■ ASSIGNED TASK
Could you set down the lines from the first line of the entries below through the line with "3D corrosion images", exactly and with no pictures?

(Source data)
┌──

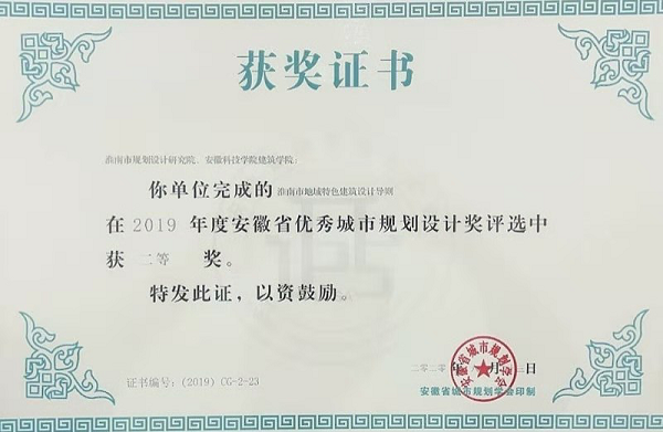 2.建筑学院张远兵、吴伟东、周玉佳老师参加完成的《淮南市地域特色建筑设计导则》荣获中国足彩网:度安徽省优秀城市规划设计二等奖
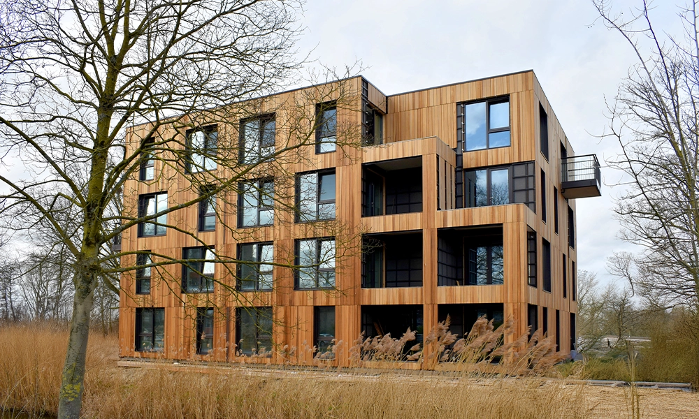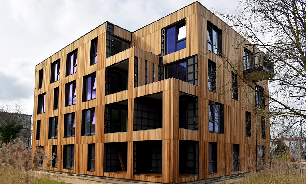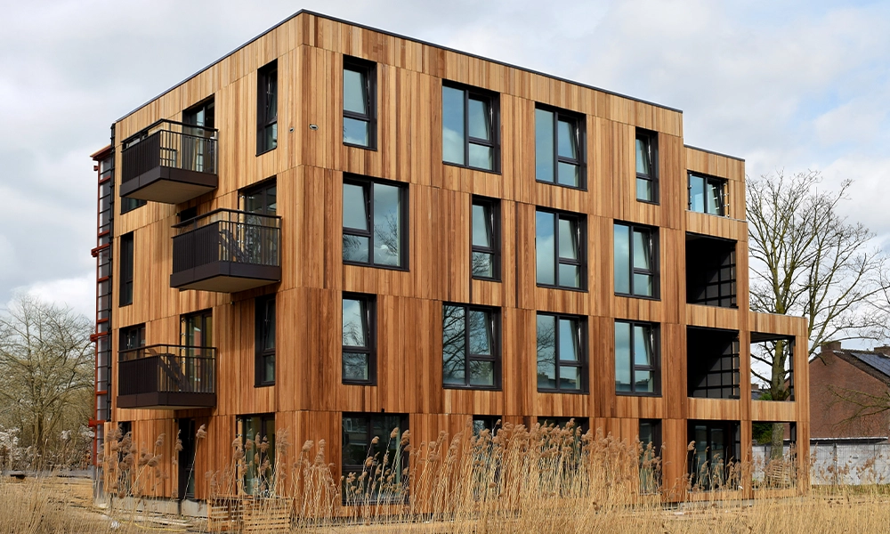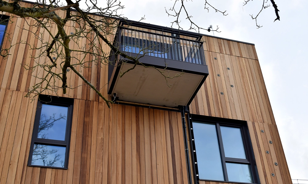 De combinatie van het hout en de structuur van het profiel geeft het gebouw een krachtige en rustige uitstraling. De afwerking sluit goed aan bij de architectuur van het gebouw en zorgt voor een natuurlijke, warme gevel. Met de toepassing van Obèche Noir ontstaat zo een duurzame houten gevel met oog op de toekomst.
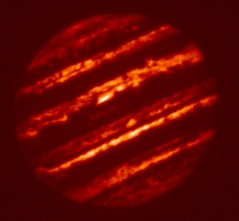 5.10-micron filtered image of Jupiter taken by the staff of NASA's Infrared Telescope Facility (IRTF) using the guide camera of the SpeX facility infrared spectrometer as a part of a program to characterize atmospheric variability in Jupiter to support the Juno mission. This filter is sensitive to very little sunlight reflected from clouds, but mostly to thermal emission from clouds as deep or deeper than the 2-3 bar pressure level. In case of "duplicate" images, this is the final version.
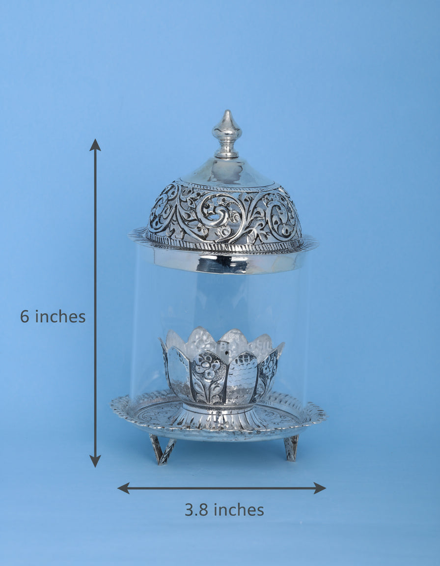 Embellishments: Antique nakashi engraving, scalloped plate with beaded detailing, clear glass chimney for flame protection, all-over metal scrollwork, no stones or meenakari—sheer luxury is crafted in silverwork.
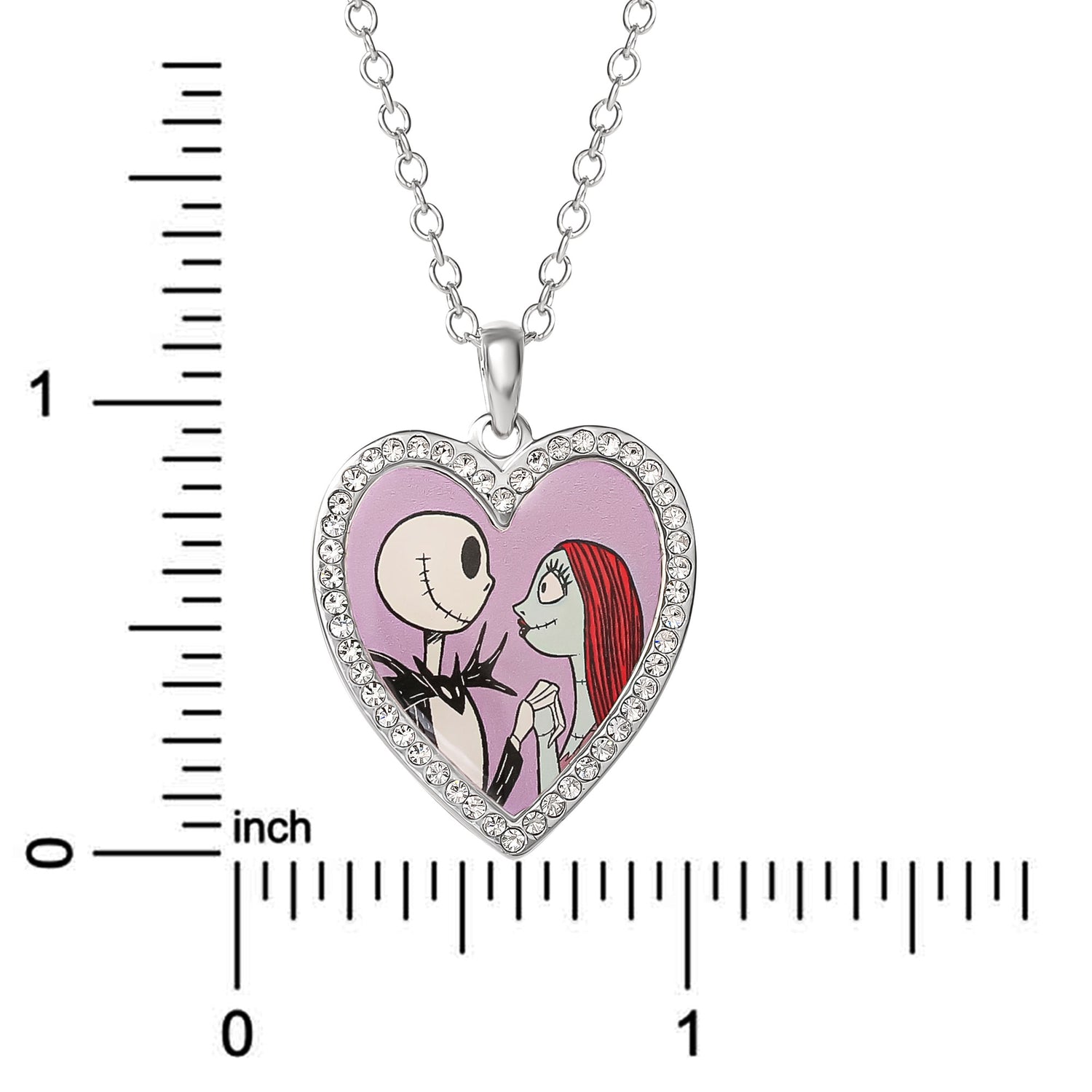 For fans of Jack and Sally, this The Nightmare Before Christmas necklace is a wearable dream. 18-inch silvertone chain necklace has an enamel pendant charm that features Jack and Sally.
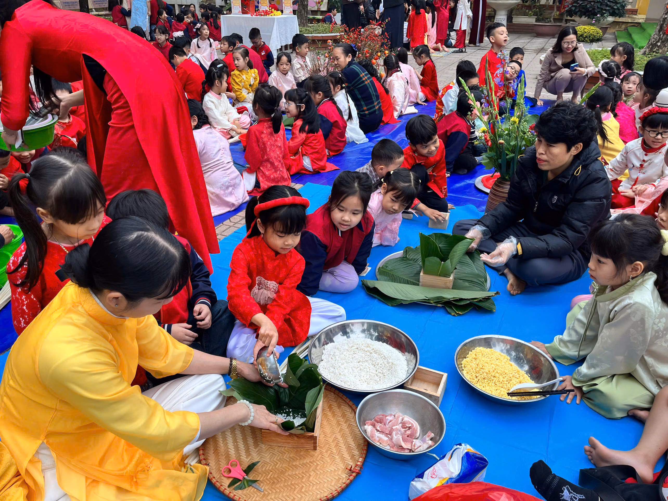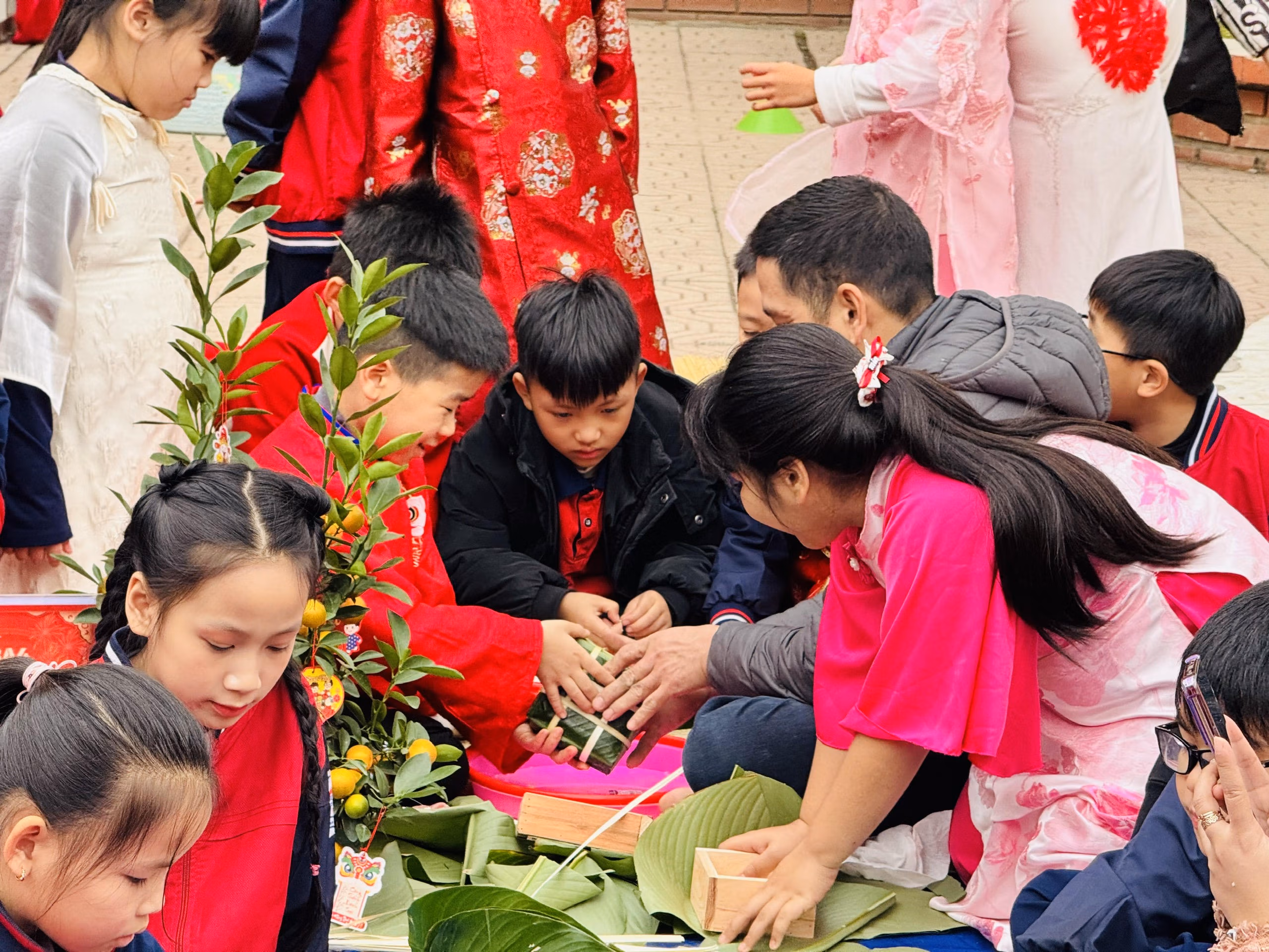 Trong dịp này, nhà trường tổ chức ngày hội gói bánh chưng với rất nhiều hoạt động ý nghĩa như: Gói bánh chưng, làm bưu thiếp chúc Tết, làm bao lì xì, vẽ tranh thư pháp,...
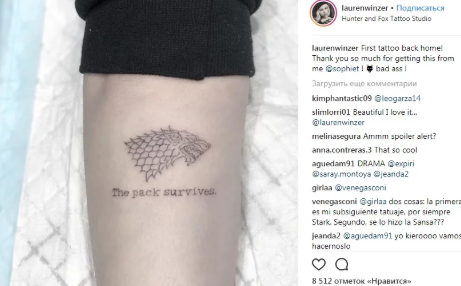 Малюнок доповнила цитата: "Зграя живе". Повністю фраза звучить наступним чином: "Коли випадає сніг і дмуть білі вітри, самотній вовк вмирає, але зграя живе". Фанати вже мріють, що репліка означає перемогу Старків і те, що Джон все-таки стане королем.
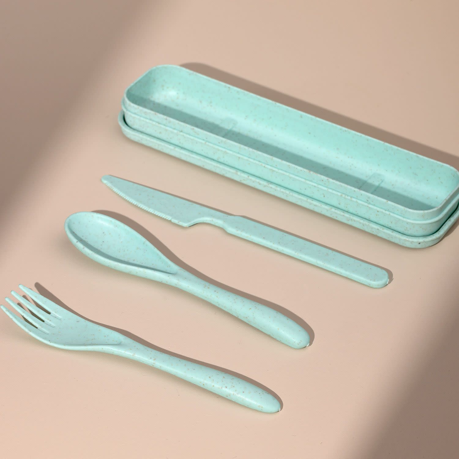 Ένα πρακτικό σετ μαχαιροπίρουνα για να έχεις στην τσάντα σου. Περιλαμβάνει πιρούνι, κουτάλι και μαχαίρι σε mint απόχρωση.
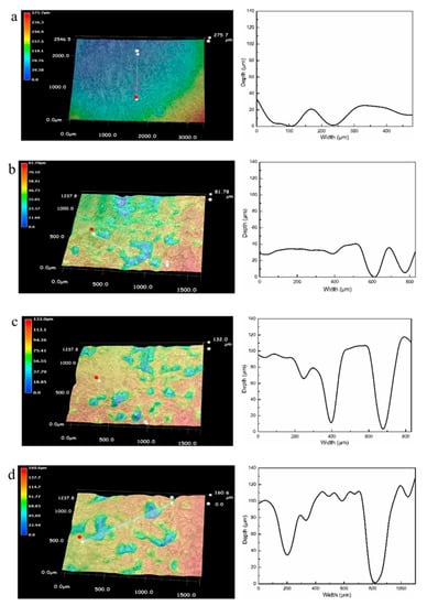 3D corrosion images and depth profiles of the cast ZK60 alloy immersed in 0.1 M NaCl for different times: (a) 12 h; (b) 24 h; (c) 48 h; (d) 72 h (without corrosion products).
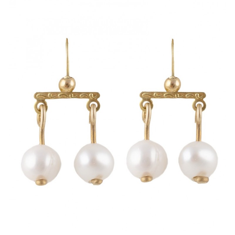 Ohrringe aus Messing und Süßwasserperlen im klassischen Design, vom Typ Crotalia. Perfekt für römische Damen, hochrangige Persönlichkeiten und Matronen. Geeignet für die Nachstellung des 1. bis 3. Jahrhunderts n. Chr., da Beweise für diese Art von Schmuck in der Nekropole von Al Fayum gefunden wurden. Wahrscheinlich wurden Ohrringe dieses Typs bereits seit der mittleren Republik verwendet.
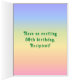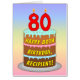This joyful and cheerful birthday themed greeting card design features a cartoon-style depiction of a three-tier birthday cake having number-shaped candles on top showing the age “80“, along with the message “HAPPY 80TH BIRTHDAY,”, and an editable recipient name. The background of the front features a multi-color pastel rainbow spectrum inspired gradient pattern. The inside features a custom birthday greeting message, or could perhaps be cleared and left blank if a message is to be written by hand instead. A colorful, personalized birthday greeting card like this might be used to acknowledge somebody’s eightieth birthday. [~Z0000626]

└──

■ ANSWER TO THIS TASK
 2.建筑学院张远兵、吴伟东、周玉佳老师参加完成的《淮南市地域特色建筑设计导则》荣获中国足彩网:度安徽省优秀城市规划设计二等奖
 De combinatie van het hout en de structuur van het profiel geeft het gebouw een krachtige en rustige uitstraling. De afwerking sluit goed aan bij de architectuur van het gebouw en zorgt voor een natuurlijke, warme gevel. Met de toepassing van Obèche Noir ontstaat zo een duurzame houten gevel met oog op de toekomst.
 5.10-micron filtered image of Jupiter taken by the staff of NASA's Infrared Telescope Facility (IRTF) using the guide camera of the SpeX facility infrared spectrometer as a part of a program to characterize atmospheric variability in Jupiter to support the Juno mission. This filter is sensitive to very little sunlight reflected from clouds, but mostly to thermal emission from clouds as deep or deeper than the 2-3 bar pressure level. In case of "duplicate" images, this is the final version.
 Embellishments: Antique nakashi engraving, scalloped plate with beaded detailing, clear glass chimney for flame protection, all-over metal scrollwork, no stones or meenakari—sheer luxury is crafted in silverwork.
 For fans of Jack and Sally, this The Nightmare Before Christmas necklace is a wearable dream. 18-inch silvertone chain necklace has an enamel pendant charm that features Jack and Sally.
 Trong dịp này, nhà trường tổ chức ngày hội gói bánh chưng với rất nhiều hoạt động ý nghĩa như: Gói bánh chưng, làm bưu thiếp chúc Tết, làm bao lì xì, vẽ tranh thư pháp,...
 Малюнок доповнила цитата: "Зграя живе". Повністю фраза звучить наступним чином: "Коли випадає сніг і дмуть білі вітри, самотній вовк вмирає, але зграя живе". Фанати вже мріють, що репліка означає перемогу Старків і те, що Джон все-таки стане королем.
 Ένα πρακτικό σετ μαχαιροπίρουνα για να έχεις στην τσάντα σου. Περιλαμβάνει πιρούνι, κουτάλι και μαχαίρι σε mint απόχρωση.
 3D corrosion images and depth profiles of the cast ZK60 alloy immersed in 0.1 M NaCl for different times: (a) 12 h; (b) 24 h; (c) 48 h; (d) 72 h (without corrosion products).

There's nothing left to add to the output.